マクロファージは白血球の1つである。免疫システムの一部をになう細胞で、生体内に侵入した細菌、ウイルス、又は死んだ細胞を捕食し消化する。また抗原提示を行い、B細胞による抗体の作成に貢献する。免疫機能の中心的役割を担っている。



ミスセンス突然変異

ミスセンス突然変異とは点突然変異の1つで、コドンの1つが、異なるアミノ酸をコードする別のコドンに変わること。



メチル化

メチル化は、さまざまな基質にメチル基が置換または結合することを意味する化学用語である。DNAメチル化は、CpG サイト(シトシン-リン酸-グアニンサイト;シトシンがDNA配列のグアニンと隣り合う場所)に起こり、シトシンは5-メチルシトシンに転換される。

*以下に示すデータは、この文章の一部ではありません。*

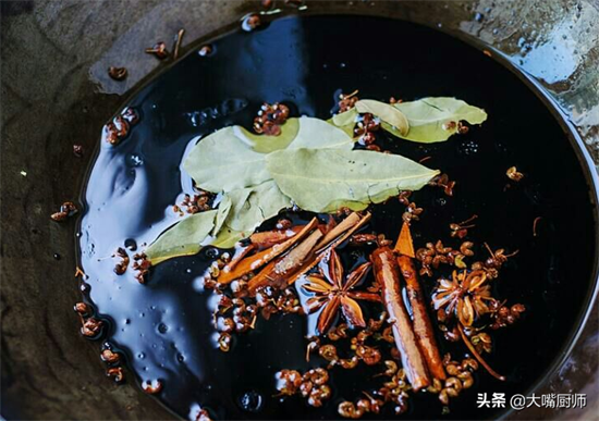 4、准备一瓶生抽、一瓶老抽,一碗冰糖,再准备花椒、八角、桂皮、香叶各5克,还有一块姜、一根葱。

CpGサイトのメチル化は遺伝子発現に大きな影響を与える。



メチル化特異的PCR

メチル化および非メチル化されている塩基を特異的にPCR増幅してメチル化の様子を解析する方法。目的とする領域でメチル/非メチル化を想定し、プライマーセットを2セット作成する。そしてプライマーの特異性によりPCR増幅の有無を解析する。



メチル基

メチル基とは、有機化学において、CH3- と表される最も分子量の小さいアルキル置換基である。構造式で表記する場合はMeと略される。



密度勾配遠心

高分子化合物などを分離する方法の一つ。それゆえ、特定の密度の粒子・細胞や、タンパク質の分子量に応じて分離する手法。



薬理ゲノム学

薬理ゲノム学とは、薬理学の分野の1つ。DNA配列とアミノ酸配列のデータを用いて薬剤開発と試験を行う学問のこと。個人の遺伝子バリエーションと薬剤応答の個人差に対応した治療法などに薬理ゲノム学の応用が期待される。



リアルタイムPCR

リアルタイムPCR(Real-time PCR)は、定量PCRの中のひとつ。ポリメラーゼ連鎖反応 (PCR) による増幅を経時的(リアルタイム)に測定することで、増幅率に基づいて鋳型となるDNAの定量を行なう。



罹患率(りかんりつ)

病気にかかることを罹患(りかん)という。そしてその病気にかかる割合を罹患率とよぶ。



レトロウイルス

レトロウイルスとはRNAを遺伝物質にしているウイルスの一種。レトロウイルスは細胞に感染すると自身のRNAを転写したDNAを宿主細胞のDNAの一部に組み込む。